Ein Versuch, Lebensstile zu identifizieren, wurde 1996 unternommen. Dabei wurden folgende Gruppen definiert, welche in etwa gleichen Teilen in der Gesellschaft auftreten. Hochkulturell Interessierte sind zumeist Gutverdiener und leben zum größten Teil in großzügigem Wohneigentum im Ein- oder Zweifamilienhaus am Stadtrand, was auch nach Außen verdeutlicht wird. Arbeits- und Erlebnisorientierte hingegen sind sehr häufig Mieter in innerstädtischen Quartieren, die Ausstattung der Wohnung kann als praktisch und gemütlich bezeichnet werden.

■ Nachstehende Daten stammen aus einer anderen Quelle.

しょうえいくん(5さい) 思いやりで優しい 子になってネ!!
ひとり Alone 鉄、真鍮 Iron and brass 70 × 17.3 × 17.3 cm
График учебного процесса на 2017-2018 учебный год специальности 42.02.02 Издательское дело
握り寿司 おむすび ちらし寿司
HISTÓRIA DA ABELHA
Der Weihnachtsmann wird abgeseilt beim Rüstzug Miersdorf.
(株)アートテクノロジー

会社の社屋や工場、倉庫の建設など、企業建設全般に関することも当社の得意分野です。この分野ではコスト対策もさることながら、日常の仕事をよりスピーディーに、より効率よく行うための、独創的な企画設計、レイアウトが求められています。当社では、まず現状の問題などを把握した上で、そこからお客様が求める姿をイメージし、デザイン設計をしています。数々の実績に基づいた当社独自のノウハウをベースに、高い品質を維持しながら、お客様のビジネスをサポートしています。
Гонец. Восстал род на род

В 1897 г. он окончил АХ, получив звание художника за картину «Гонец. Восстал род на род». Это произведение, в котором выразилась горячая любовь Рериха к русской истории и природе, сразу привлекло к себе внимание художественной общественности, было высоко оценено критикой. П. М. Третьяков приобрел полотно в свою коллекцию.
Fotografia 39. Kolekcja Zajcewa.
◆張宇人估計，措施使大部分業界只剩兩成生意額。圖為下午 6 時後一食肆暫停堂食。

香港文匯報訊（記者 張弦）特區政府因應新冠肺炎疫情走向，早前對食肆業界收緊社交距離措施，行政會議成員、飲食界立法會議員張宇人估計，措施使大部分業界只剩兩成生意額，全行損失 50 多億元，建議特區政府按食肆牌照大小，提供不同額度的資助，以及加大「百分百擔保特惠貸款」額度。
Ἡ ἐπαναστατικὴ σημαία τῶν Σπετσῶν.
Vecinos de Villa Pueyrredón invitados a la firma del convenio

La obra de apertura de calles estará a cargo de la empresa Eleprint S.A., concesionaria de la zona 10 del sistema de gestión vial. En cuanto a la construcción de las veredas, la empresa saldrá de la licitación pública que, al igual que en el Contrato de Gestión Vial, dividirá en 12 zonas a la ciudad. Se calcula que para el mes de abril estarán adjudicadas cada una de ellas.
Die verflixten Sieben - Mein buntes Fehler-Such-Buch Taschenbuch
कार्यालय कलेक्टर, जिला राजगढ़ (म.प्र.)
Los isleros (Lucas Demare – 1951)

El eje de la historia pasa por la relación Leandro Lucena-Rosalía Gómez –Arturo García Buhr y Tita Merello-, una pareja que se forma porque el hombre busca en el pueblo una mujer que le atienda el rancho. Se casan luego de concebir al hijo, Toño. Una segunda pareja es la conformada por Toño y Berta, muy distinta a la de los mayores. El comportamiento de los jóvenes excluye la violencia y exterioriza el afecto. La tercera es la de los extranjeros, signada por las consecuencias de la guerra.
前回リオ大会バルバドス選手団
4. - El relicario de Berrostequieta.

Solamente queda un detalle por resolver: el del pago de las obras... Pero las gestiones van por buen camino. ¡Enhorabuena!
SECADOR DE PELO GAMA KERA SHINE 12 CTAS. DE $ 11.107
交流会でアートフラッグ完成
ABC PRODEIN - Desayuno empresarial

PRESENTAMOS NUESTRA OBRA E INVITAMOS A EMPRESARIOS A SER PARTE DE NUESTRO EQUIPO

Expressiv Vielseitige sind zu gleichen Teilen preisbewusste Eigentümer und Mieter von Wohnungen, die jedoch relativ klein und zum Teil exklusiv sind. Qualitätsbewusste verfügen bemerkenswerter Weise über mittlere Einkommen und eine durchschnittliche Eigentumsquote, die Ausstattung der Wohnung jedoch ist überdurchschnittlich. Die zumeist gemieteten Wohnungen der Hedonisten sind vielfach unterdurchschnittlich ausgestattet, jedoch ist hier ein Trend zu Exklusivität und Individualität festzustellen. Häusliche wohnen zu gleichen Teilen in Eigentum und Mehrfamilienhäusern, deren Wohnungen durchschnittlich ausgestattet sind, jedoch sind Kabelfernsehen und eine altersgerechte Ausstattung häufiger vorhanden als bei den anderen Lebensstilgruppen. Einfach Lebende verfügen über kleine Wohnungen in Miethäusern, deren Inneneinrichtungen weder exklusiv noch persönlich sind, sondern praktisch und preiswert sein sollen. Sicherheitsorientierte pflegen einen sparsamen Lebensstil und wohnen zum größten Teil zur Miete. Traditionelle, meist sind dies verwitwete Frauen, leben zurückgezogen auf großer Fläche in unterdurchschnittlich ausgestatteten Wohnungen45.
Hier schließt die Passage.